Big data

Topics

  • [CP-05-023] Google Earth Engine

    Google Earth Engine (GEE) is a cloud-based platform for planetary scale geospatial data analysis and communication.  By placing more than 17 petabytes of earth science data and the tools needed to access, filter, perform, and export analyses in the same easy to use application, users are able to explore and scale up analyses in both space and time without any of the hassles traditionally encountered with big data analysis.  Constant development and refinement have propelled GEE into one of the most advanced and accessible cloud-based geospatial analysis platforms available, and the near real time data ingestion and interface flexibility means users can go from observation to presentation in a single window.

  • [CP-05-031] Apache Hadoop and Spark

    Apache Hadoop and Apache Spark are two leading frameworks for distributed big data processing that have significantly impacted geospatial analytics. Both systems use clusters of commodity hardware in a shared-nothing architecture to scale out horizontally, allowing massive spatial datasets to be processed in parallel. Hadoop popularized the MapReduce programming model and excels at batch processing of very large files. Spark is a newer engine that builds on some of Hadoop’s concepts but introduces in-memory data processing and a more flexible execution model, often yielding faster performance for many tasks. This entry focuses on the differences between Hadoop’s disk-based MapReduce approach and Spark’s in-memory approach, especially in the context of spatial (vector and raster) data processing. We also highlight several systems that extend Hadoop or Spark specifically for spatial data, and discuss emerging trends toward integrating big data frameworks with higher-level query processing.

  • [CV-05-019] Big Data Visualization

    As new information and communication technologies have altered so many aspects of our daily lives over the past decades, they have simultaneously stimulated a shift in the types of data that we collect, produce, and analyze. Together, this changing data landscape is often referred to as "big data." Big data is distinguished from "small data" not only by its high volume but also by the velocity, variety, exhaustivity, resolution, relationality, and flexibility of the datasets. This entry discusses the visualization of big spatial datasets. As many such datasets contain geographic attributes or are situated and produced within geographic space, cartography takes on a pivotal role in big data visualization. Visualization of big data is frequently and effectively used to communicate and present information, but it is in making sense of big data – generating new insights and knowledge – that visualization is becoming an indispensable tool, making cartography vital to understanding geographic big data. Although visualization of big data presents several challenges, human experts can use visualization in general, and cartography in particular, aided by interfaces and software designed for this purpose, to effectively explore and analyze big data.
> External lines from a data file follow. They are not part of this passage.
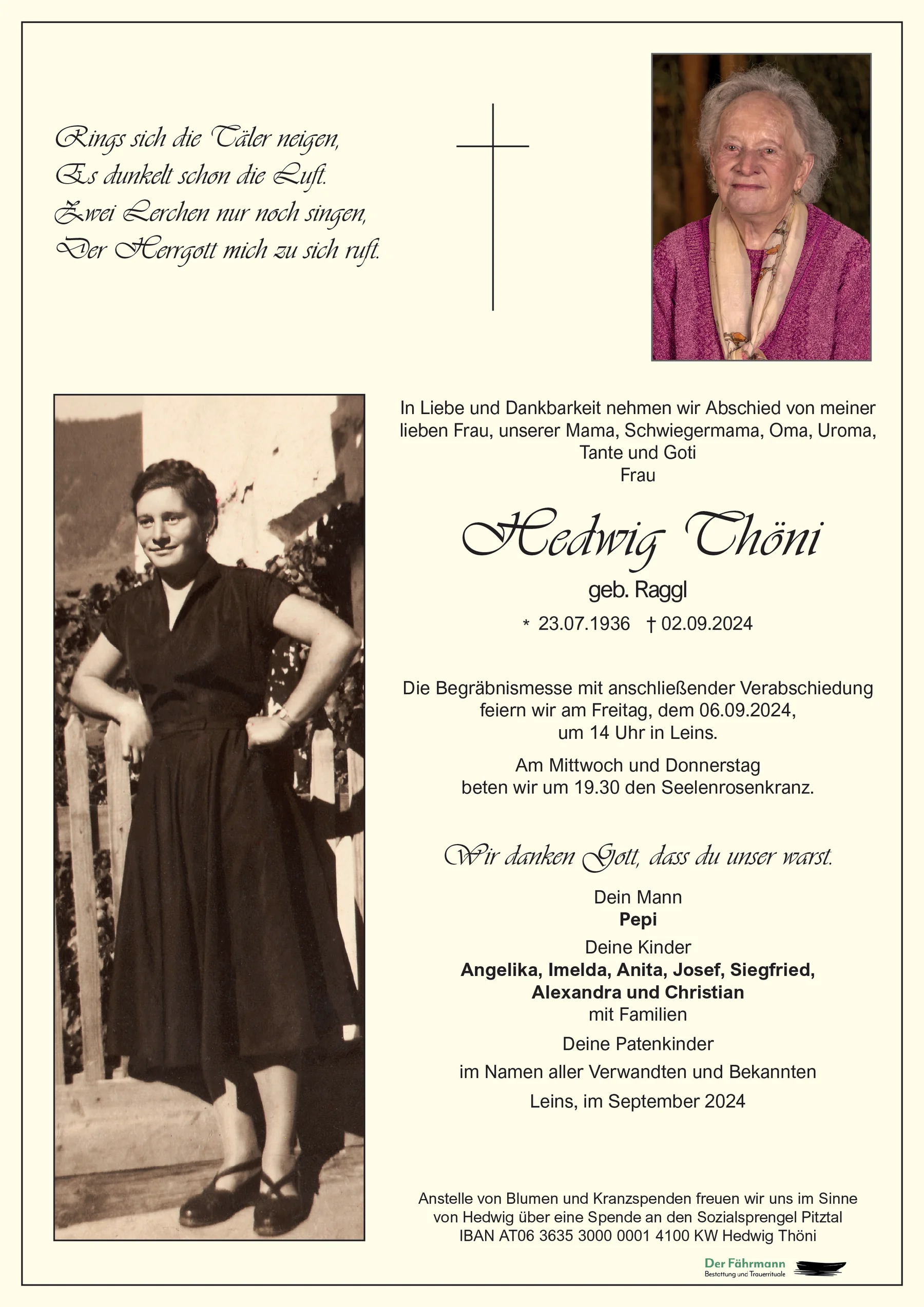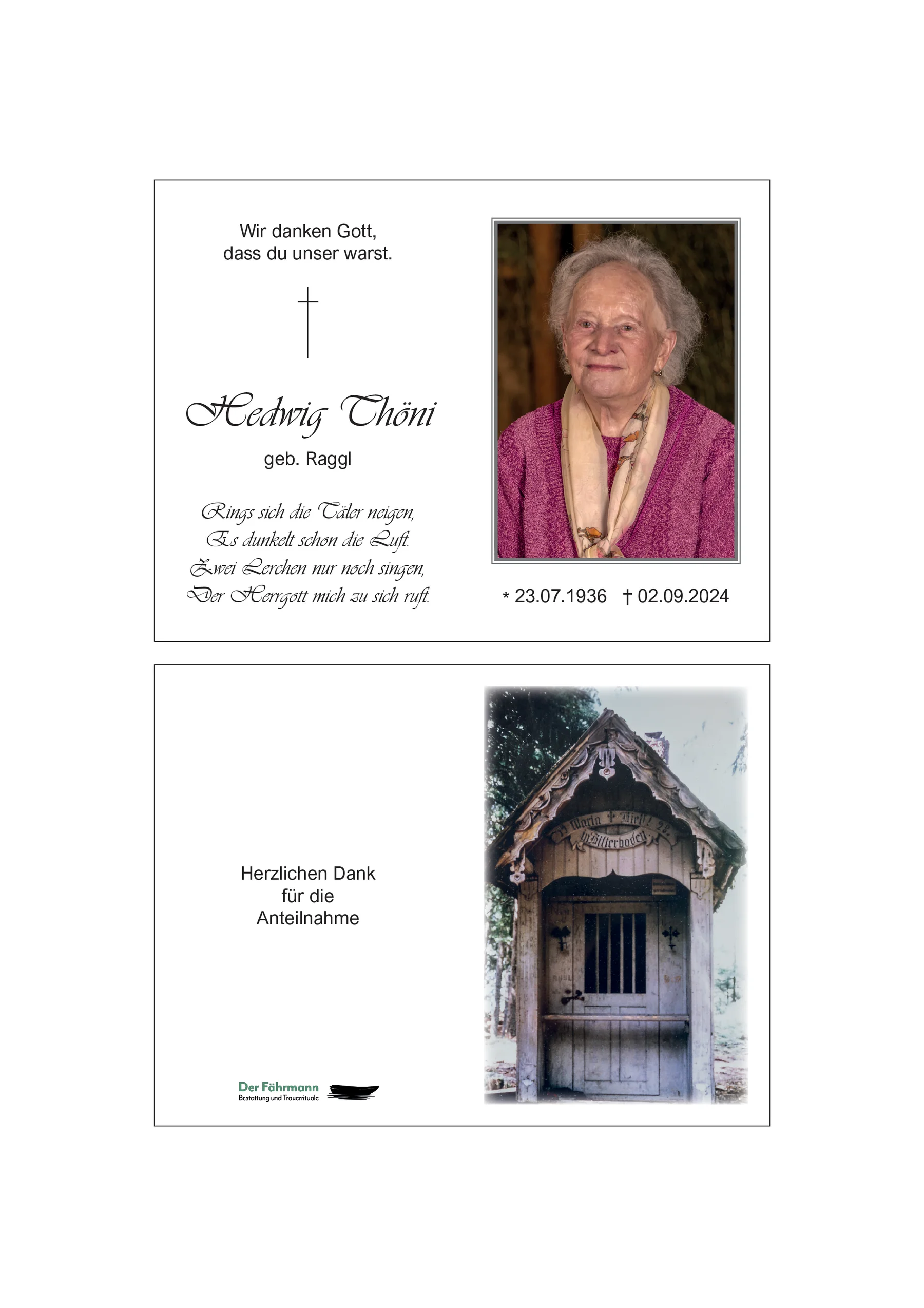 Der Lebenskreis von Hedwig hat sich nach einem erfüllten Leben nun geschlossen. Was bleibt, sind schöne Erinnerungen, gemeinsame Momente und Augenblicke, die unvergessen in euren Herzen bleiben werden.
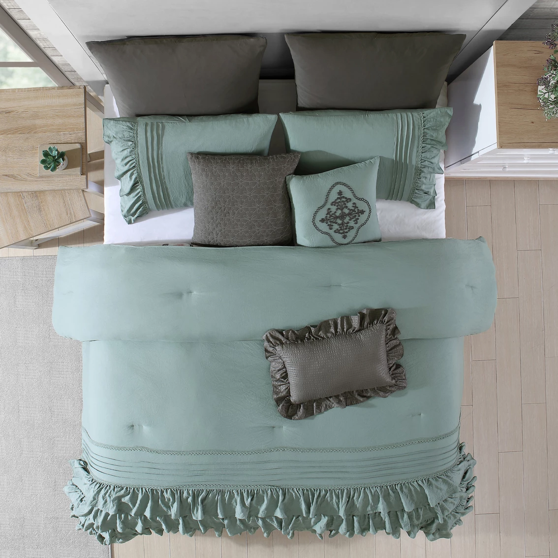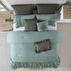 Indulge yourself in spa-like luxury with this 8-Piece Chloe Comforter Set from Marie Claire. The polyester filling gives just the right fluffiness to this comforter set while the bar tacking details give a more formal finished look. Marie Claire’s luxuriously silky brushed microfiber material is constructed using techniques that include better stitching, stronger weaving and softer materials. Ensuring a durable and soft touch. Fashion meets luxury with this set and is the perfect solution to your decorative and comfort needs.
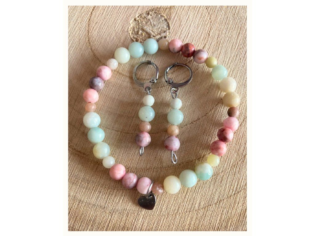 Jemná sada náramku a náušnic s amazonitem a jaspisem
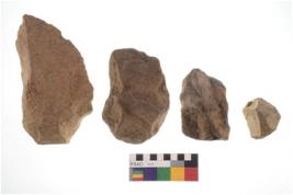| Description / विवरण | There are n 4 of utilized worked cores and show irregular scar pattern on both dorsal and ventral side. One has a broken tip. |
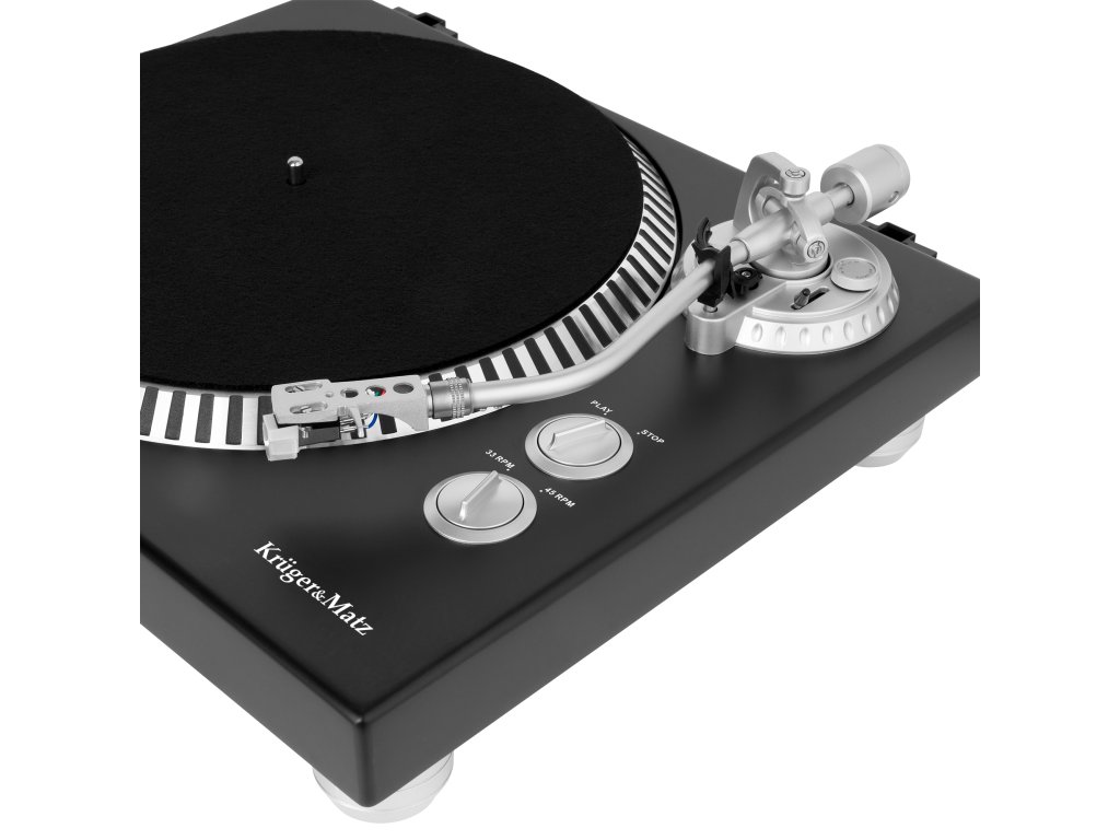 Pick-up-ul Kruger&Matz folosește un sistem cu ac interschimbabil de la Audio-Technica, cunoscut fiecărui audiofil. Așadar, dacă ascultați muzică destul de intens și aveți nevoie să înlocuiți acul, puteți achiziționa oricând accesorii specializate de la Kruger&Matz.

  • [DC-02-004] Social Media Platforms

    Social media is a group of interactive Web 2.0 Internet-based applications that allow users to create and exchange user-generated content via virtual communities. Social media platforms have a large user population who generate massive amounts of digital footprints, which are valuable data sources for observing and analyzing human activities/behavior. This entry focuses on social media platforms that provide spatial information in different forms for Geographic Information Systems and Technology (GIS&T) research. These social media platforms can be grouped into six categories: microblogging sites, social networking sites, content sharing sites, product and service review sites, collaborative knowledge sharing sites, and others. Four methods are available for capturing data from social media platforms, including Web Application Programming Interfaces (Web APIs), Web scraping, digital participant recruitment, and direct data purchasing. This entry first overviews the history, opportunities, and challenges related to social media platforms. Each category of social media platforms is then introduced in detail, including platform features, well-known platform examples, and data capturing processes.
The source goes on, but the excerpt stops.